I have two java classes that are very similar in semantics but differ in syntax. The differences are minor, like -
Changes in variable names,
Changes in position of some statements (with no dependent lines in between),
Extra imports, etc.
I need to compare these two classes to prove that they are indeed semantically identical. The same needs to be done for a large number of java file pairs.
The first approach of reading from the two files and comparing the lines, with logic to deal with the differences mentioned above seems inefficient. Is there some other way that I can achieve this task? Any helpful APIs out there?
Compile both of the classes without debug information and then decompile them back to source files. The decompiled files should be a lot more similar than the original source files.
You can improve this further by running some optimizations on the compiled files. For example you can use Proguard with just shrinking enabled to removed unused code.
Changes in position of some statements can be hard to detect though.
If you want to examine the changes in the code try Araxis Merge or WinMerge.
But if you want logical differences, I am afraid you might have to do it manually.
I would advise to use one of these tools to look for textual changes and then look for logical differences.
There are a lot of similarity checker out there, and until now there's no yet perfect tool for this. Each has its own advantages / disadvantages. The approaches generally falls into two categories: token-based or tree-based.

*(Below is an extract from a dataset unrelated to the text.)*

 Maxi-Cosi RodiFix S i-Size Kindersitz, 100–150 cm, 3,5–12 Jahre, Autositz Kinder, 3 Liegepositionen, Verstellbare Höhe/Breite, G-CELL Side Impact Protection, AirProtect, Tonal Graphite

Token-based similarity checking is usually done with regular expressions, but other approaches are possible. In one of my projects at university, we developed one utilizing alignment strategy from bioinformatics field. The disadvantage of this technique is mainly if the size of the two sources isn't more or less equal.
Tree-based is more like a compiler, so normally using some compilation techniques it's possible (well, more or less) to check for this. Tree-based approach has disadvantages of being exponential in comparison complexity.

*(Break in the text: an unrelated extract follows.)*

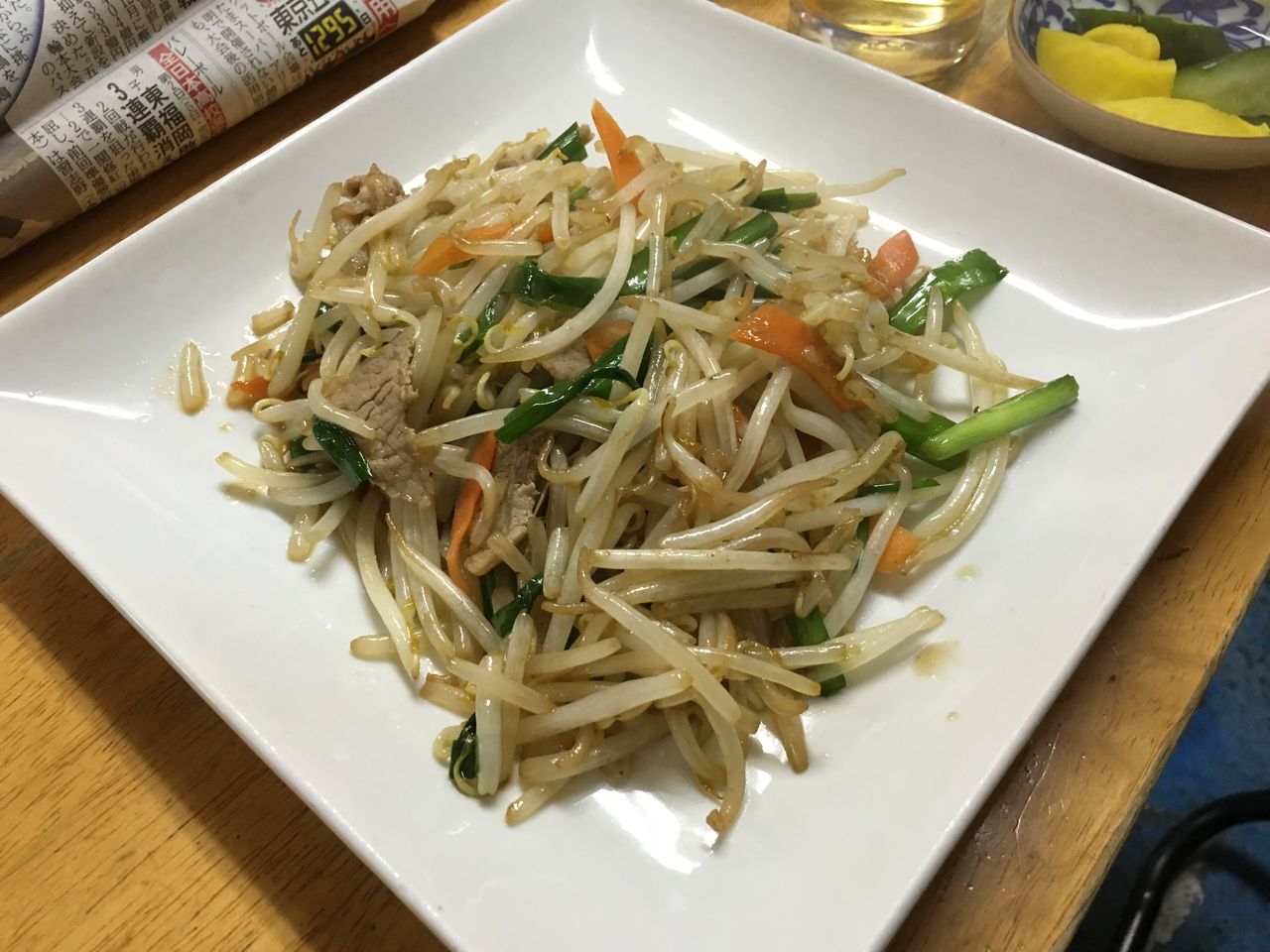 もやし炒めと言いながら、ニラも人参も、豚肉まで入った豪勢なもの。

Comparing line by line wont work. I think you may need to use a parser. I would suggest that you take a look at ANTLR. It should have a java grammar where you could put your actions which will do the comparison.

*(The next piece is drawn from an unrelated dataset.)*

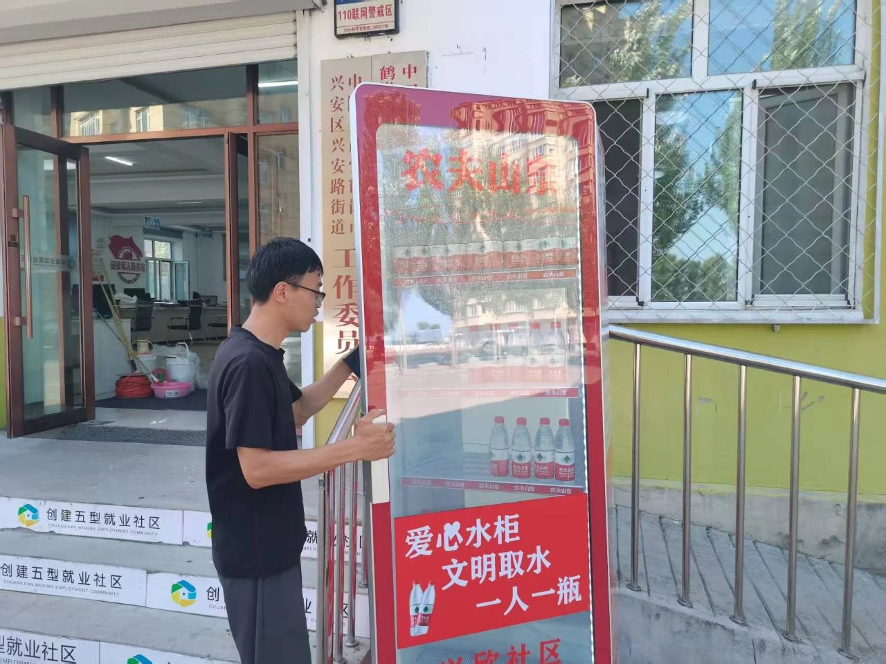 近日,鶴崗市興安區(qū)興安路街道興欣社區(qū)設(shè)立了鶴崗市首個(gè)免費(fèi)愛(ài)心水柜,為高溫下堅(jiān)守崗位的戶外勞動(dòng)者帶來(lái)了清涼,此舉獲得了廣泛好評(píng)。

As far as I know there's now way to compare the semantics of two Java classes. Take for example the following two methods:
public String m1(String a, int b) { ... }
and
public String m2(String x, int y) { ... }
A part from changes in variables and methods names, their signature is the same: same return type, and same input types. However, this is no guarantee that the two methods are semantically equivalent. For example, m1 could return a string consisting of the first b characters of a, while m2 could return a string consisting of y repetitions of x. As you can see, although only variables and names change, the semantics of the two methods is totally different.
I don't see an easy way out for your problem. You can perhaps make some assumption and try the following approach:
assume that the methods names in the two classes are the same
write test cases (for example with JUnit) for all the methods in the first class
run the test cases on the second class
ensure that the second class does not have other (untested) methods (for example using reflection)
This approach gives you an idea about equivalent semantics, but it makes strong assumption.
As a final remark, let me add that specifying the semantics of programs is an interesting and open research topic. Some interesting development in this area include research on Semantic Web Services. A widely adopted approach to give machine processable semantics to programs is that of specifying their IOPE: Input and Output types (as int the Java methods above), and their Preconditions and Effects. Preconditions are essentially logical conditions that must hold true for successfully invoking the program, and Effects are formal descriptions of the changes (in the state of the world) caused by the successful execution of the program. Even with IOPE there are a lot of problems ... which I skip in this short description.